“This greatly aids our customers in building an overall working solution, because the interactions between the network and the host can be complicated and difficult to debug when it’s different systems collecting them,” Duda said.
Analysts react to telemetry preview
Arista declined to share more details about its forthcoming AI telemetry extensions, but experts say additional control features would be a benefit to high-end customers such as hyperscalers that are operating AI networks.
“Modern switches already know detailed internal conditions (congestion, drops, buffers, RDMA counters, latency), but that information is invisible unless it’s exported. Streaming it to a central system makes the network observable in real time, not just via logs but via live operational state. This is especially critical for AI clusters, where tiny network issues can stall synchronized GPU jobs and waste massive compute resources,” said Sameh Boujelbene, vice president of Dell’Oro Group.

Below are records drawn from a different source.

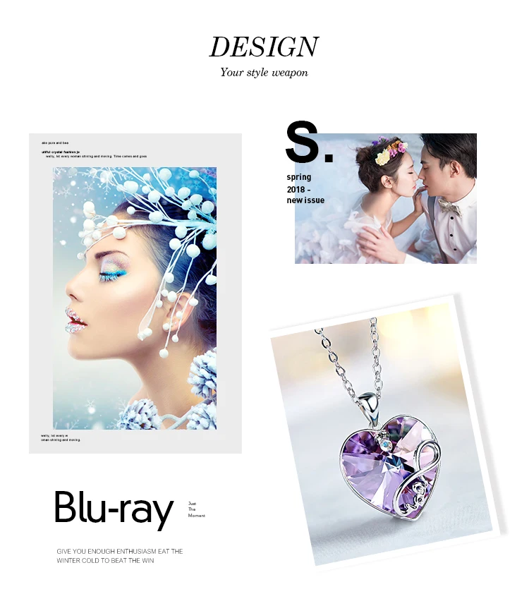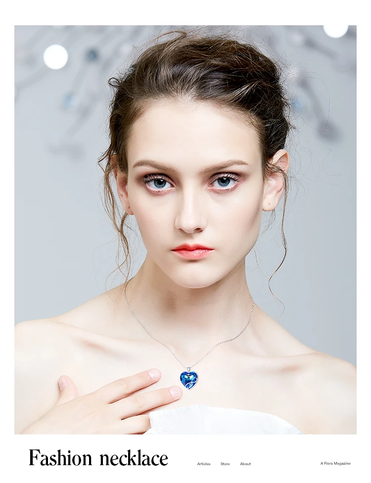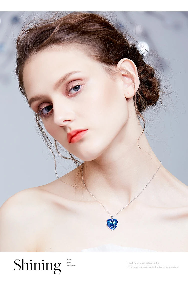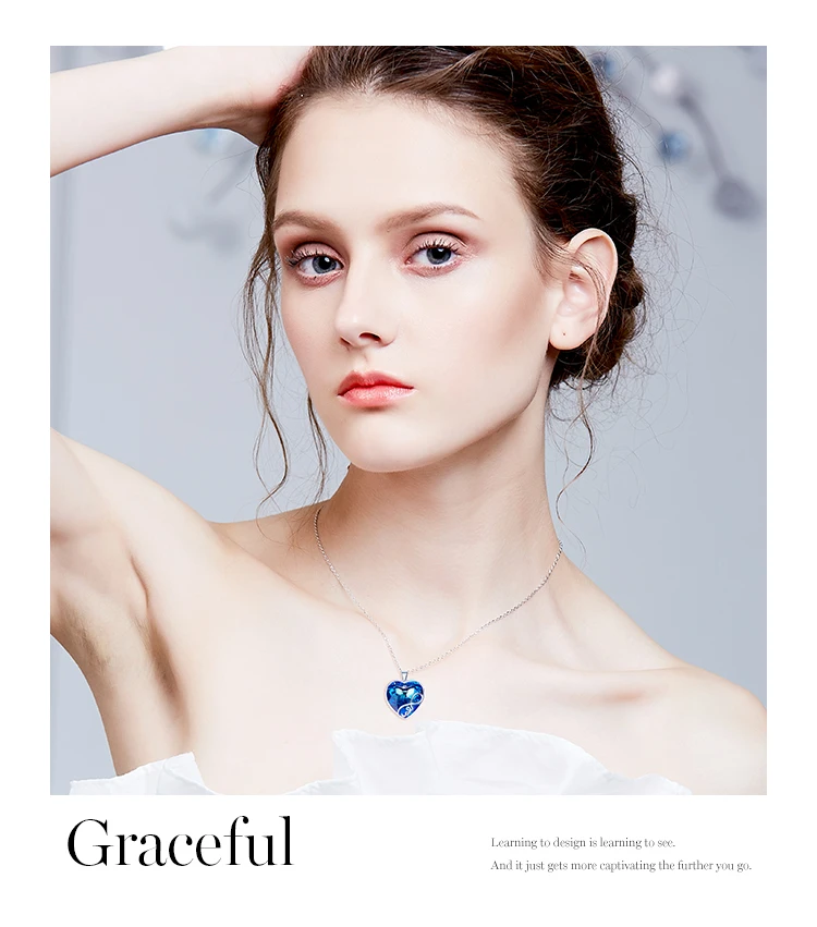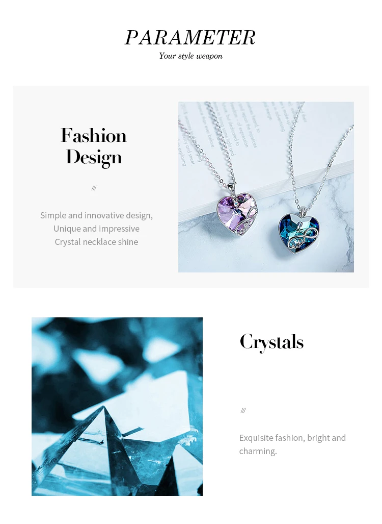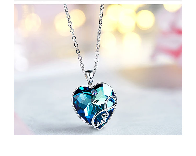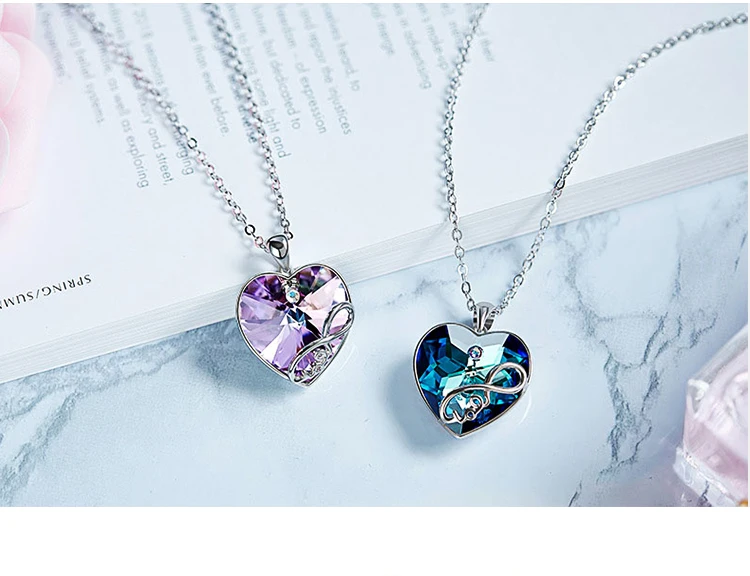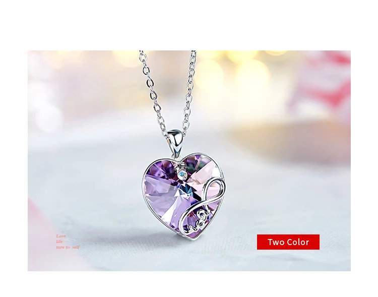 CDE Purple Love Heart Shaped Pendant Necklace Crystals for Women Girls Christmas Gift Jewelry Collar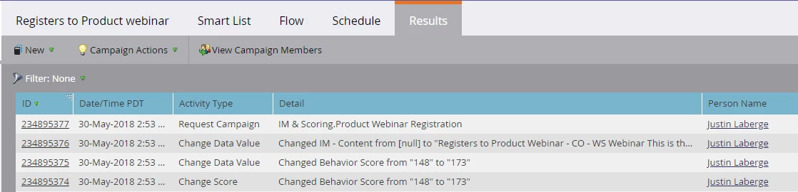 As you can see it’s pretty normal - just an additional request campaign and a second change data value. Make note of the token which was written in that Data Value.
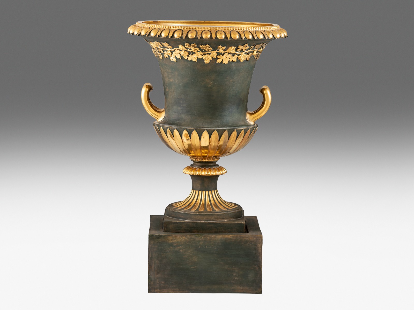 Zöld bársony hatású festett porcelán, plasztikusan kiemelkedő, domborodó díszítésén dús aranyfestéssel. Eredeti posztamense mázrepedt. Restaurált. Alján jelzett: masszába nyomott F és 814, valamint máz alatt kobalttal festett méhkas. Bécs, 1814. M.: 44 cm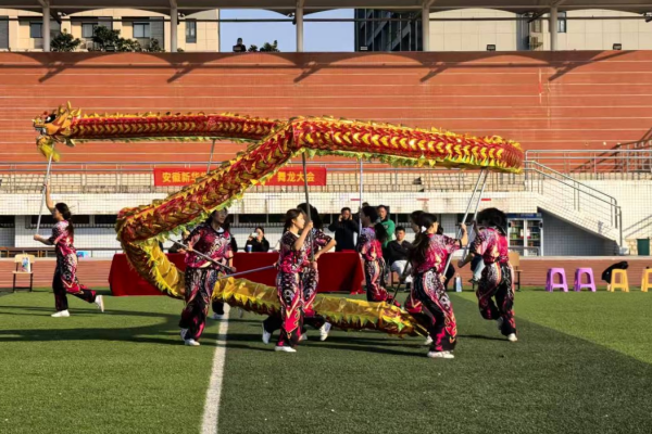 活动现场凭借精彩表演与激烈比赛吸引众多师生,亮点纷呈。女子舞龙以轻盈身姿与娴熟技巧尽显龙的威严与柔美,彩带龙表演凭斑斓色彩打造视觉盛宴,传统南狮表演动作惟妙惟肖,引得观众阵阵喝彩;十人龙比赛将活动推向高潮,队员配合默契、动作刚劲,充分展现舞龙魅力。

“Operators therefore need visibility across both the network and the hosts (congestion, NIC buffering, RDMA behavior, and collective performance), all at once. The key idea is to unify host and network telemetry into one correlated view. Many failures happen between layers, and siloed monitoring hides the root cause. A single timeline that combines both perspectives lets operators see the full pipeline and diagnose complex performance problems much faster,” Boujelbene said.
According to Alan Weckel, co-founder and analyst with the 650 Group, telemetry is key to understanding what is actually occurring in AI fabrics, and Arista has a lot of these features already on the switch side.
Arista bought Big Switch and its Big Cloud Fabric in 2020, and that technology lets customers manage physical switches as a single fabric, including security, automation, orchestration and analytics. Importantly, the software can run on a variety of certified switches from Dell EMC, HPE and others.